TASK DETAILS: Only one span of the listing below is wanted: the lines from the one with "唐津城の天守閣に登るには長い" through the one with "ئەو نەخشەی عێراق", reproduced exactly, both ends kept.

RECORD SET:
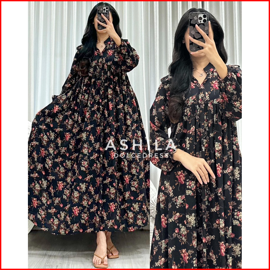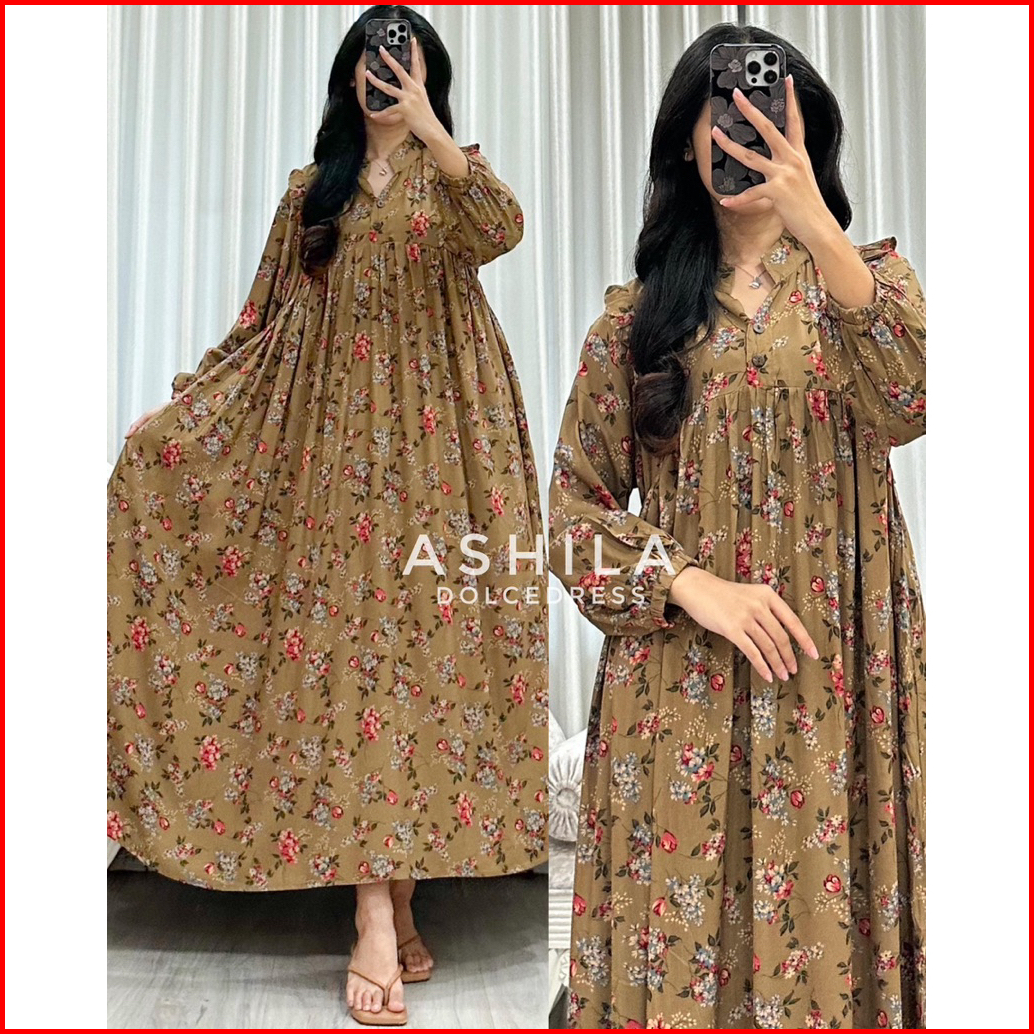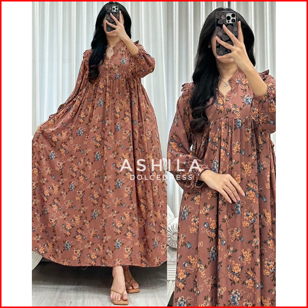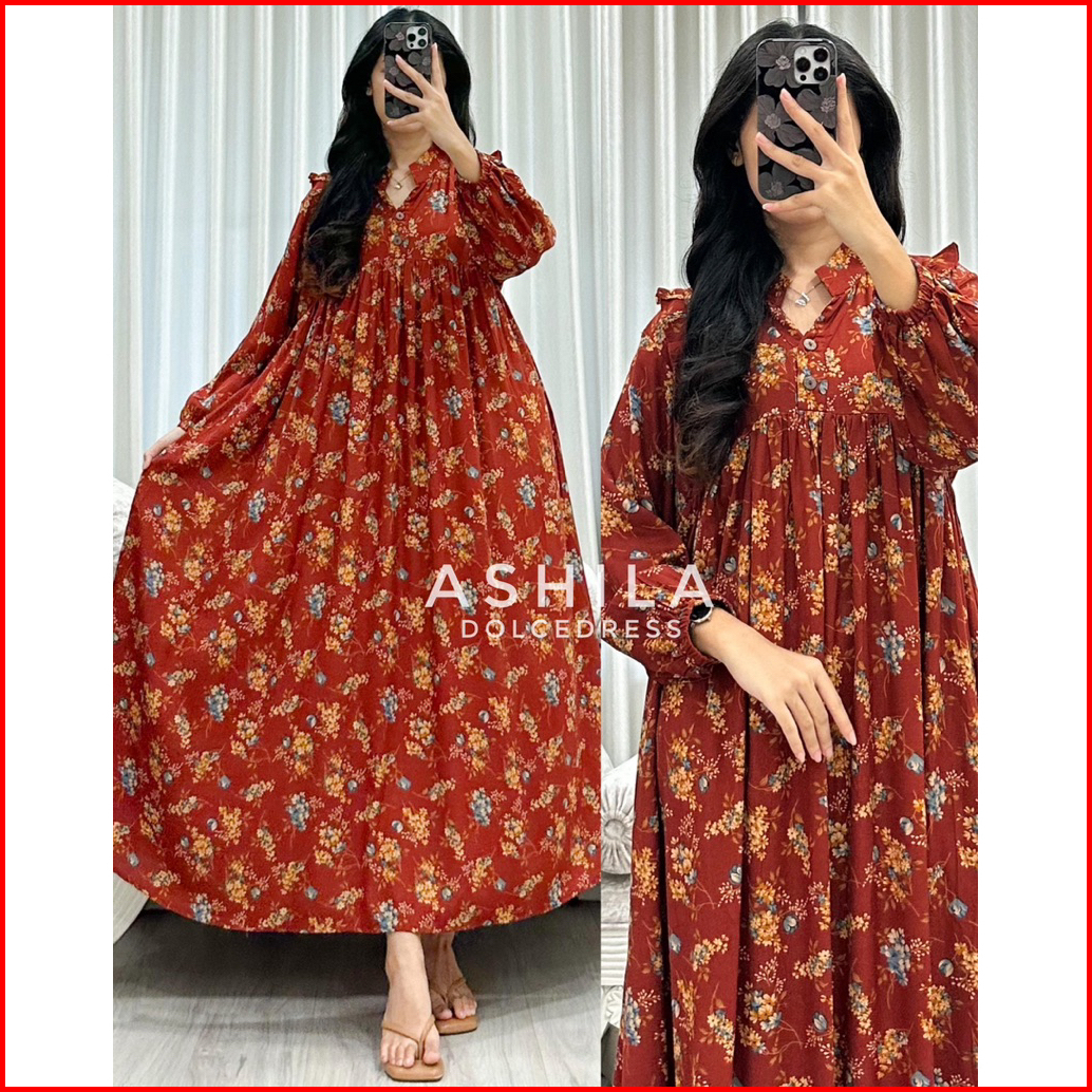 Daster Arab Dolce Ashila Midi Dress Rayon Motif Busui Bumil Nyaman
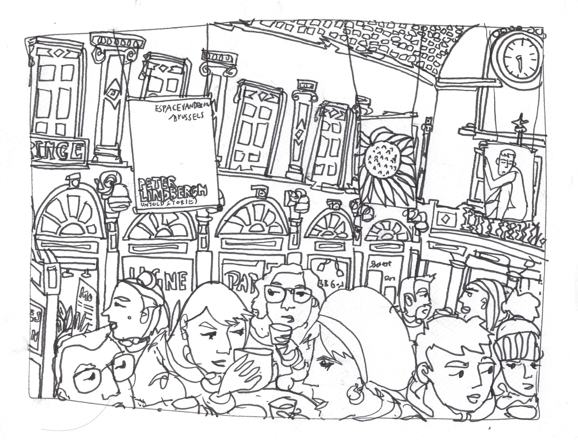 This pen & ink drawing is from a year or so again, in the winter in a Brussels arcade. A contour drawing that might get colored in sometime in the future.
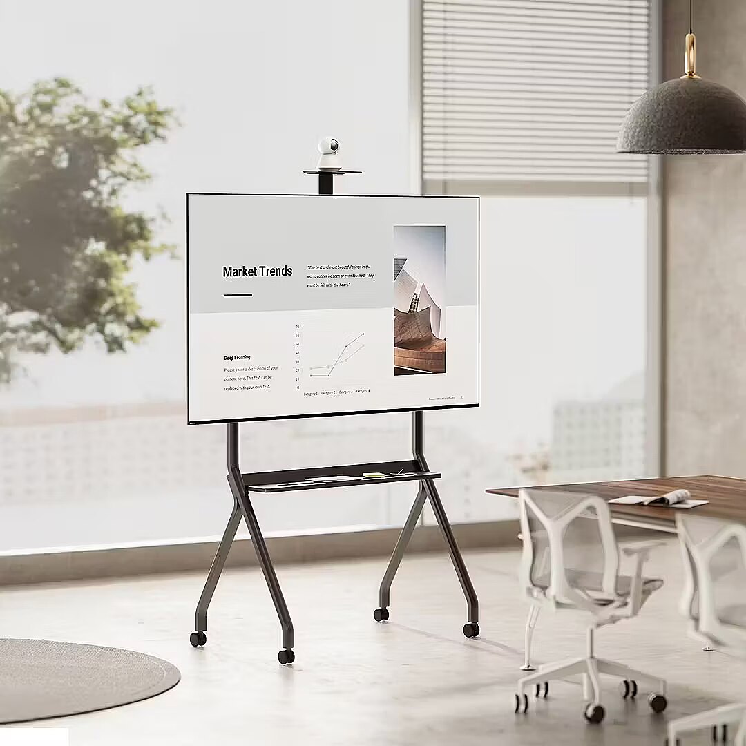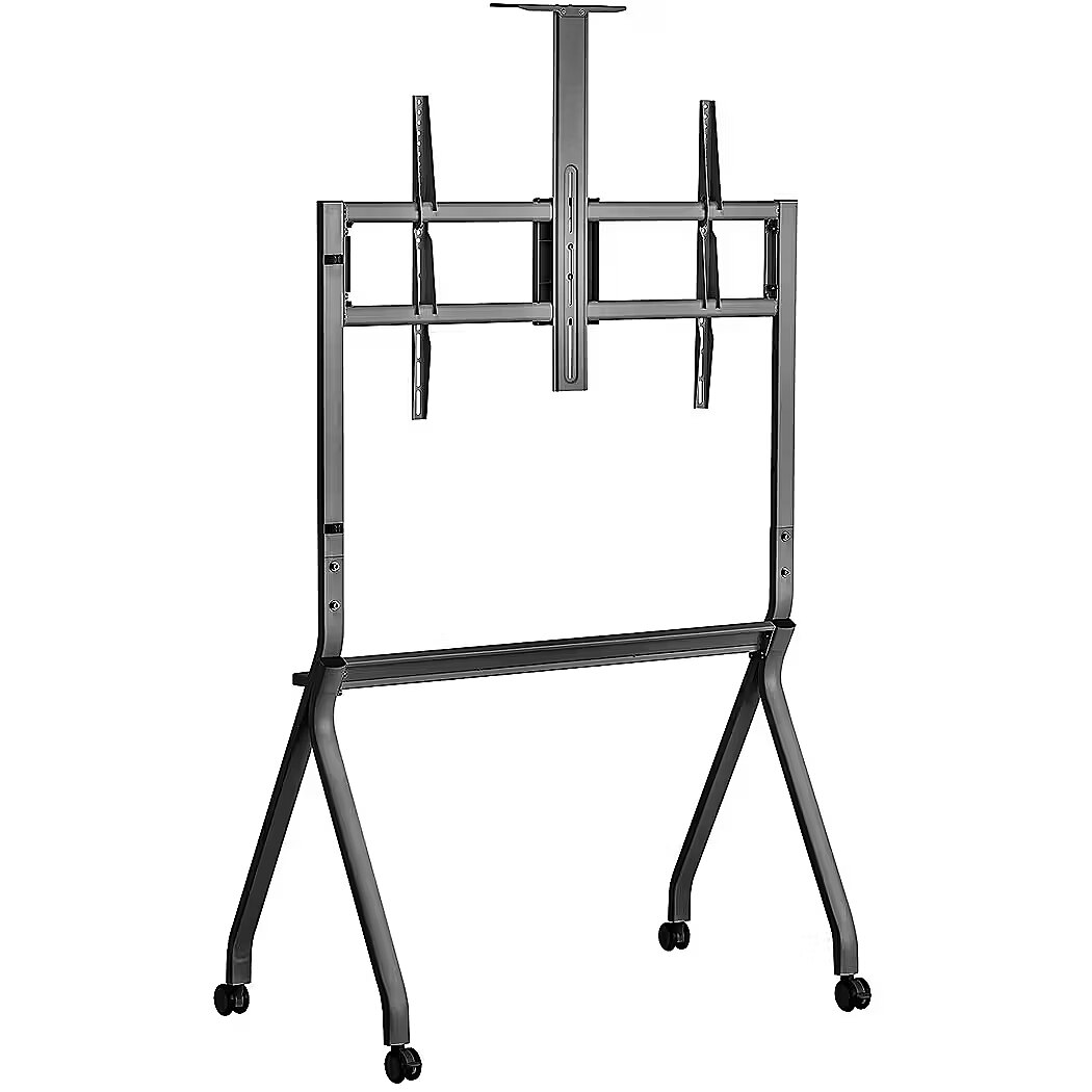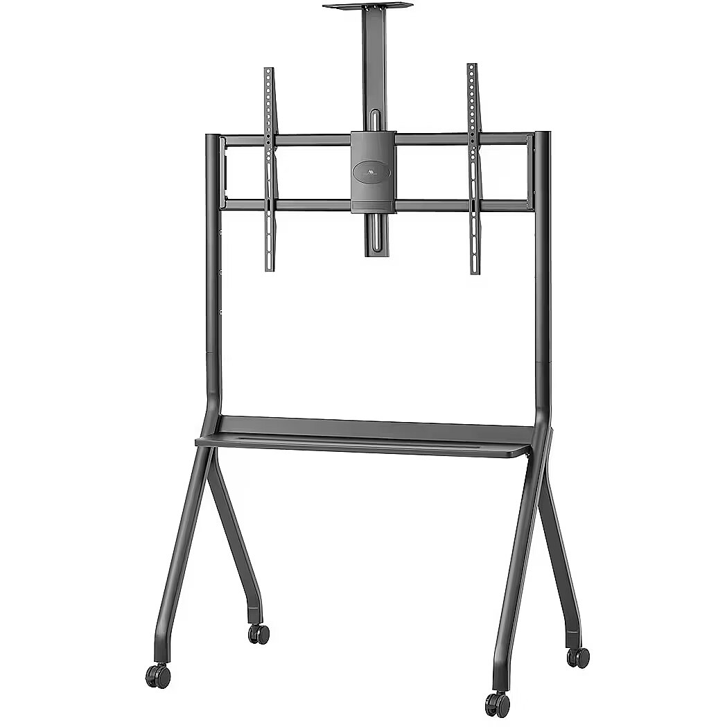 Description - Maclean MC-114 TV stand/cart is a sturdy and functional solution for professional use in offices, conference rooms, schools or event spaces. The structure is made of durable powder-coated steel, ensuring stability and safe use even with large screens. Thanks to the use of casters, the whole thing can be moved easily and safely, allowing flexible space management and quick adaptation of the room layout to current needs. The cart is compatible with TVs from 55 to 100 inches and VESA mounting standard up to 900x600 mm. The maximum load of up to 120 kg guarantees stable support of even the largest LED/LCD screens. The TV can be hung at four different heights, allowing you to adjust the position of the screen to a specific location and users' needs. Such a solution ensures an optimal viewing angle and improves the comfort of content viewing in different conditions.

...

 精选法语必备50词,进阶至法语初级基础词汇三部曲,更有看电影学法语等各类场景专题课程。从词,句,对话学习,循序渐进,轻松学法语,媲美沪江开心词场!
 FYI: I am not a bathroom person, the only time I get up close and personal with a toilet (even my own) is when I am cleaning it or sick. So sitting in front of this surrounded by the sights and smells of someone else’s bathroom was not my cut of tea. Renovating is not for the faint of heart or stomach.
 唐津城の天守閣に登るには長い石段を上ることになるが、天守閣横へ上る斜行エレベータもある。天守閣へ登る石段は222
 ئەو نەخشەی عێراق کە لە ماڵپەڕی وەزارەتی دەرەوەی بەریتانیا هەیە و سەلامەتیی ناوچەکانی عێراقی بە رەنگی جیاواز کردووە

* * *

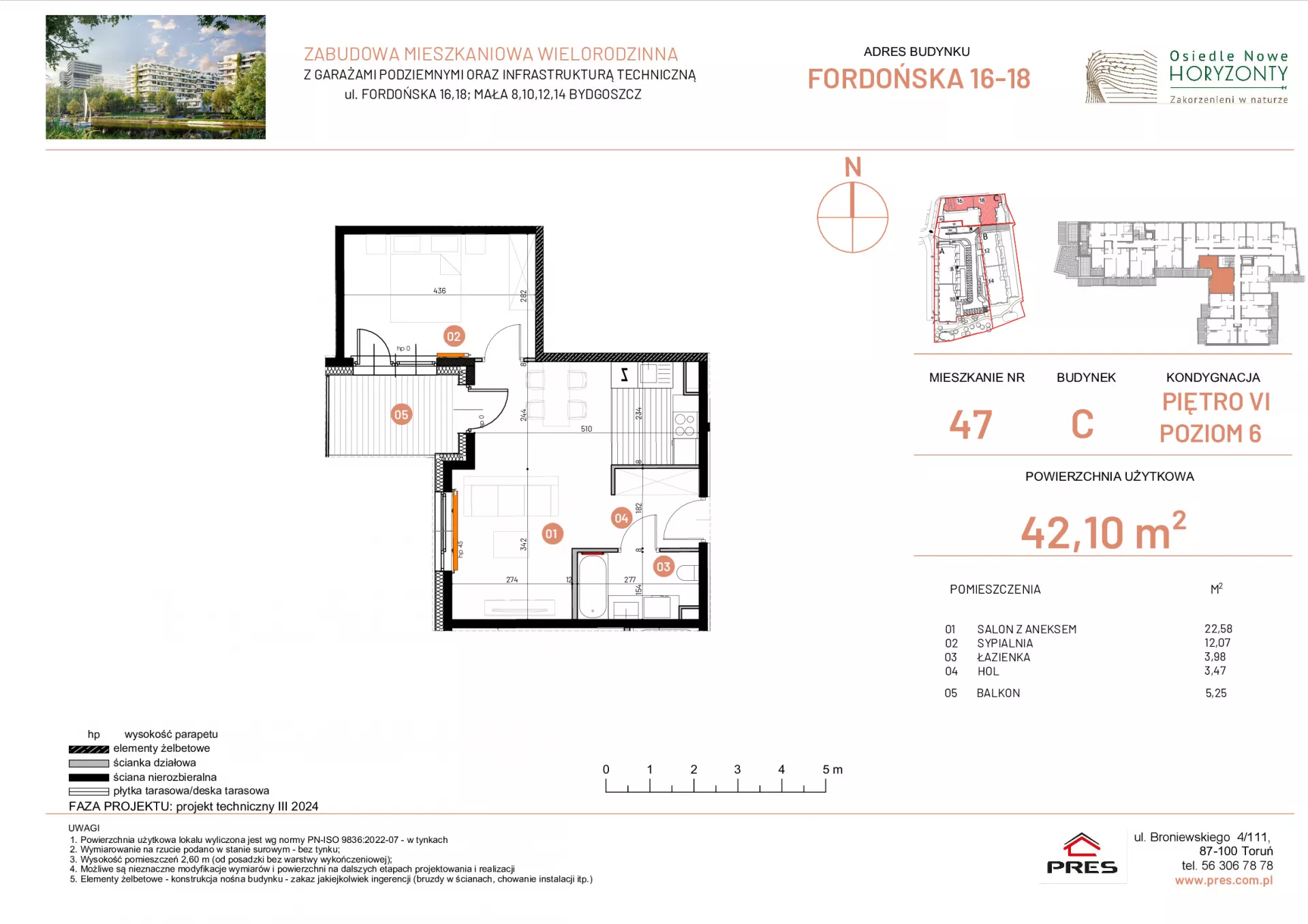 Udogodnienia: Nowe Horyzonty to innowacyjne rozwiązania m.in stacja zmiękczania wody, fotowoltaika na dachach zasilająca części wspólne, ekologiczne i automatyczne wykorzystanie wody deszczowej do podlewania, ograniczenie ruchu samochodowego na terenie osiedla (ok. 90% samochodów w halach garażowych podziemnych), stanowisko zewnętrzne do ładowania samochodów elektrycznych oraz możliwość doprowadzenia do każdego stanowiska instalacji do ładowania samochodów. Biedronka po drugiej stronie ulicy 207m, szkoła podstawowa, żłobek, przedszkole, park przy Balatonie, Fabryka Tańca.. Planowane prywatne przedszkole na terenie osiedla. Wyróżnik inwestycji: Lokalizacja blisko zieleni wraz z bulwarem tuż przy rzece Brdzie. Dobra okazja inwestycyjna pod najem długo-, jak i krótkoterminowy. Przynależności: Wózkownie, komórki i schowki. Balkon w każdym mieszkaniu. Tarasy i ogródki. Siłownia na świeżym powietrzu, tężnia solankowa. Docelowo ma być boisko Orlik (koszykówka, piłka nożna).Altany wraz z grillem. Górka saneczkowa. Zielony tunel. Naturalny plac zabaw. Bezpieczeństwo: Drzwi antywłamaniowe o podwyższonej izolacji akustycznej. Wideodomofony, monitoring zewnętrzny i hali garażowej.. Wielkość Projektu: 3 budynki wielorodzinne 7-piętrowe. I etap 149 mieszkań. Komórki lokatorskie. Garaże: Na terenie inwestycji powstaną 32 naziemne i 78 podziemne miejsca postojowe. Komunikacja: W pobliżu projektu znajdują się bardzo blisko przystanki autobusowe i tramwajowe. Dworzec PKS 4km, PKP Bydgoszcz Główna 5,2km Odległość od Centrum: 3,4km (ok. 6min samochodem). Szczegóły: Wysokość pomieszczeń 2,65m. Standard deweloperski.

ANSWER SPACE:
 唐津城の天守閣に登るには長い石段を上ることになるが、天守閣横へ上る斜行エレベータもある。天守閣へ登る石段は222
 ئەو نەخشەی عێراق کە لە ماڵپەڕی وەزارەتی دەرەوەی بەریتانیا هەیە و سەلامەتیی ناوچەکانی عێراقی بە رەنگی جیاواز کردووە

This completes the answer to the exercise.